In the heart of the browser there is an event loop that evolved from asynchronous networking code. So it's not surprising that it uses an I/O primitive as its core: select() (or something similar such as poll, epoll etc. depending on OS).

The select() function in C allows you to wait for multiple I/O operations in a single thread without needing to spawn additional threads. select() looks something like:

select (max, readlist, writelist, errlist, timeout)

To have it wait for an I/O (from a socket or disk) you'd add the file descriptor to the readlist and it will return when there is data available on any of your I/O channels. Once it returns you can continue processing the data.

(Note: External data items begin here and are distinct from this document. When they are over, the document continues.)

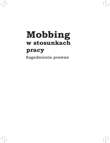 Mobbing w stosunkach pracy Zagadnienia prawne Książkę tę poświęcam pamięci mojej ciotki Heleny B., bestialsko zamordowanej w wieku 18 lat przez niemieckich okupantów w pamiętnym dniu 5 sierpnia 1944 roku, w 65. rocznicę Jej męczeńskiej śmierci Helena Szewczyk Mobbing w stosunkach pracy Zagadnienia prawne Wydawnictwo Naukowe SCHOLAR Warszawa 2012 Recenzent: prof. dr hab. Teresa Wyka Redakcja i korekta: Anna Kaniewska Projekt okładki: Olga Raciborska Copyright © 2012 by Wydawnictwo Naukowe Scholar, Warszawa ISBN 978-83-7383-524-5 Wydawnictwo Naukowe Scholar Spółka z o.o. ul. Krakowskie Przedmieście 62, 00-322 Warszawa tel./fax 22 826 59 21, 22 828 95 63, 22 828 93 91 dział handlowy: jak wyżej, w. 105, 108 e-mail: [email protected] www.scholar.com.pl Wydanie pierwsze Skład i łamanie: WN Scholar (Jerzy Łazarski) Druk i oprawa: Drukarnia Poligraf, Drelów Spis streści Wstęp. . . . . . . . . . . . . . . . . . . . . . . . . . . . . . . . . . . . . . . . . . . . . . . . . . . . . . 9 Rozdział 1. Pojęcie i istota mobbingu w stosunkach pracy . . . . . . . . . . 1. Uwagi wprowadzające. . . . . . . . . . . . . . . . . . . . . . . . . . . . . . . . . . . . . . . 2. Zakres pojęcia „mobbing” w psychologii . . . . . . . . . . . . . . . . . . . . . . . . 3. Rozumienie pojęcia mobbingu w naukach społecznych i ekonomicznych . . . . . . . . . . . . . . . . . . . . . . . . . . . . . . . . . . . . . . . . . . . 4. Przyczyny mobbingu . . . . . . . . . . . . . . . . . . . . . . . . . . . . . . . . . . . . . . . . 5. Rodzaje mobbingu . . . . . . . . . . . . . . . . . . . . . . . . . . . . . . . . . . . . . . . . . . 6. Przebieg procesu mobbingu. . . . . . . . . . . . . . . . . . . . . . . . . . . . . . . . . . . 7. Społeczne, ekonomiczne i zdrowotne skutki mobbingu . . . . . . . . . . . . . 15 15 17 Rozdział 2. Podstawy prawne ochrony przed mobbingiem w stosunkach pracy . . . . . . . . . . . . . . . . . . . . . . . . . . . . . . . . . . . . . . . . . . 1. Prawo do ochrony pracowników przed mobbingiem w aktach prawa międzynarodowego . . . . . . . . . . . . . . . . . . . . . . . . . . . . . . . . . . . . 1.1. Powszechna deklaracja praw człowieka. . . . . . . . . . . . . . . . . . . . . . 1.2. Pakty praw człowieka. . . . . . . . . . . . . . . . . . . . . . . . . . . . . . . . . . . . 1.3. Dokumenty Międzynarodowej Organizacji Pracy . . . . . . . . . . . . . . 1.4. Europejska konwencja praw człowieka . . . . . . . . . . . . . . . . . . . . . . 1.5. Europejskie karty społeczne . . . . . . . . . . . . . . . . . . . . . . . . . . . . . . . 2. Prawo Unii Europejskiej a ochrona przed mobbingiem w stosunkach pracy . . . . . . . . . . . . . . . . . . . . . . . . . . . . . . . . . . . . . . . . . 2.1. Uwagi wprowadzające . . . . . . . . . . . . . . . . . . . . . . . . . . . . . . . . . . . 2.2. Karta praw podstawowych Unii Europejskiej . . . . . . . . . . . . . . . . . 2.3. Ochrona przed mobbingiem w stosunkach pracy w dyrektywach, zaleceniach i innych dokumentach Unii Europejskiej . . . . . . . . . . . 3. Ochrona pracowników przed mobbingiem w Konstytucji RP . . . . . . . . 3.1. Uwagi wprowadzające . . . . . . . . . . . . . . . . . . . . . . . . . . . . . . . . . . . 3.2. Konstytucyjne zasady ochrony dóbr osobistych pracownika w aspekcie mobbingu . . . . . . . . . . . . . . . . . . . . . . . . . . . . . . . . . . . . 3.3. Ochrona życia i zdrowia, godności i wolności w Konstytucji RP . . 20 22 24 27 29 38 38 38 39 40 42 45 52 52 55 58 69 69 73 75 Rozdział 3. Prawna regulacja mobbingu w wybranych krajach. . . . . . 1. Szwecja . . . . . . . . . . . . . . . . . . . . . . . . . . . . . . . . . . . . . . . . . . . . . . . . . . 2. Francja . . . . . . . . . . . . . . . . . . . . . . . . . . . . . . . . . . . . . . . . . . . . . . . . . . . 3. Belgia . . . . . . . . . . . . . . . . . . . . . . . . . . . . . . . . . . . . . . . . . . . . . . . . . . . . 4. Wielka Brytania . . . . . . . . . . . . . . . . . . . . . . . . . . . . . . . . . . . . . . . . . . . . 5. Hiszpania . . . . . . . . . . . . . . . . . . . . . . . . . . . . . . . . . . . . . . . . . . . . . . . . . 6. Włochy. . . . . . . . . . . . . . . . . . . . . . . . . . . . . . . . . . . . . . . . . . . . . . . . . . . 7. Niemcy. . . . . . . . . . . . . . . . . . . . . . . . . . . . . . . . . . . . . . . . . . . . . . . . . . . 8. Stany Zjednoczone Ameryki . . . . . . . . . . . . . . . . . . . . . . . . . . . . . . . . . . 9. Kanada . . . . . . . . . . . . . . . . . . . . . . . . . . . . . . . . . . . . . . . . . . . . . . . . . . . 81 81 84 88 93 96 97 101 105 108 Rozdział 4. Pojęcie mobbingu w świetle art. 943 kodeksu pracy . . . . . . 1. Znaczenie przepisów prawa pracy w zakresie ochrony prawnej przed mobbingiem . . . . . . . . . . . . . . . . . . . . . . . . . . . . . . . . . . . . . . . . . . 2. Definicja legalna mobbingu w świetle kodeksu pracy oraz jej elementy składowe. . . . . . . . . . . . . . . . . . . . . . . . . . . . . . . . . . . . . . . . . . 2.1. Uwagi wprowadzające . . . . . . . . . . . . . . . . . . . . . . . . . . . . . . . . . . . 2.2. Zakres podmiotowy oraz cechy zachowania mobbera . . . . . . . . . . . 2.3. Cel i skutki mobbingu. . . . . . . . . . . . . . . . . . . . . . . . . . . . . . . . . . . . 2.4. Bezprawność zachowania mobbera . . . . . . . . . . . . . . . . . . . . . . . . . 2.5. Zaniżona ocena przydatności zawodowej . . . . . . . . . . . . . . . . . . . . 2.6. Długotrwałość i uporczywość zachowania mobbera . . . . . . . . . . . . 3. Mobbing a molestowanie pracownika . . . . . . . . . . . . . . . . . . . . . . . . . . . 111 Rozdział 5. Odpowiedzialność pracodawcy z tytułu mobbingu. . . . . . . 1. Obowiązek przeciwdziałania mobbingowi ciążący na pracodawcy . . . . 1.1. Uwagi wprowadzające . . . . . . . . . . . . . . . . . . . . . . . . . . . . . . . . . . . 1.2. Treść i granice obowiązku . . . . . . . . . . . . . . . . . . . . . . . . . . . . . . . . 2. Podstawy o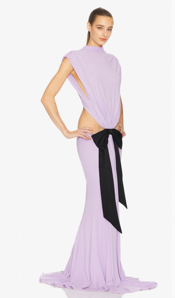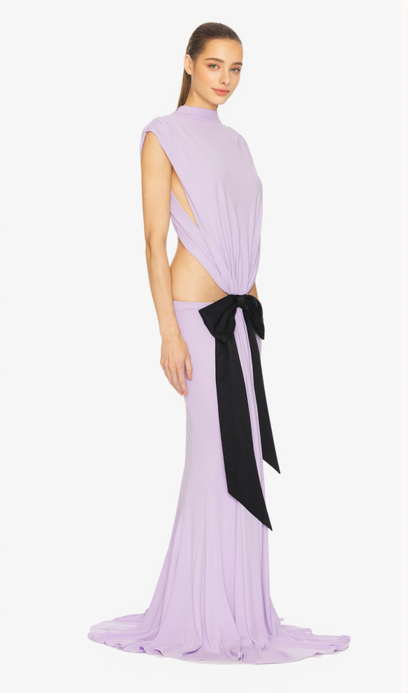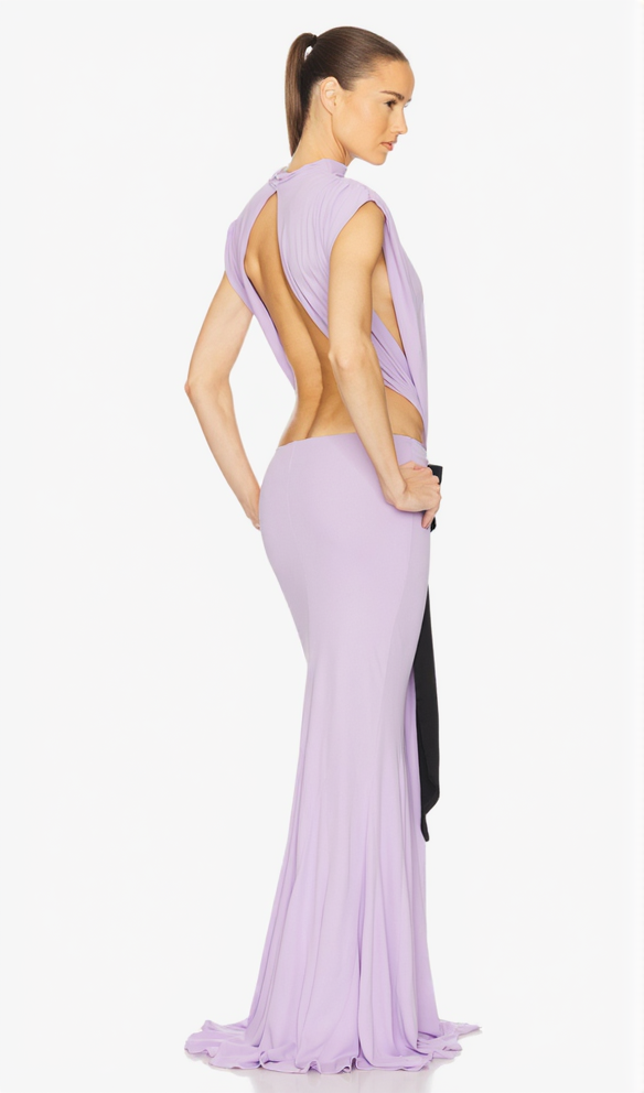 bernice Bow Patch Cut Backless Maxi Dress in purple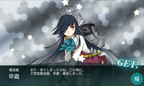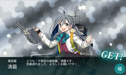 で、早霜お迎えしたことだしと一発大型回したら4時間だったよ^^清霜が武蔵さん武蔵さんて言うから早く来てあげてよ武蔵!いい加減たけぞうって呼ぶぞ!!

The javascript interpreter saves your callback and then calls the select() function. When select() returns the interpreter figures out which callback is associated with which I/O channel and then calls it.

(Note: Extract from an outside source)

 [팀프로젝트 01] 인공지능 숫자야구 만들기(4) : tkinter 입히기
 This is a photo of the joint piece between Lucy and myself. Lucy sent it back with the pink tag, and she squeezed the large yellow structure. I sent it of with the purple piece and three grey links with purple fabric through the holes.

Conveniently, select() also allows you to specify a timeout value. By carefully managing the timeout passed to select() you can cause callbacks to be called at some time in the future. This is how setTimeout and setInterval are implemented. The interpreter keeps a list of all timeouts and calculates what it needs to pass as timeout to select(). Then when select() returns in addition to finding out if there are any callbacks that needs to be called due to an I/O operation the interpreter also checks for any expired timeouts that needs to be called.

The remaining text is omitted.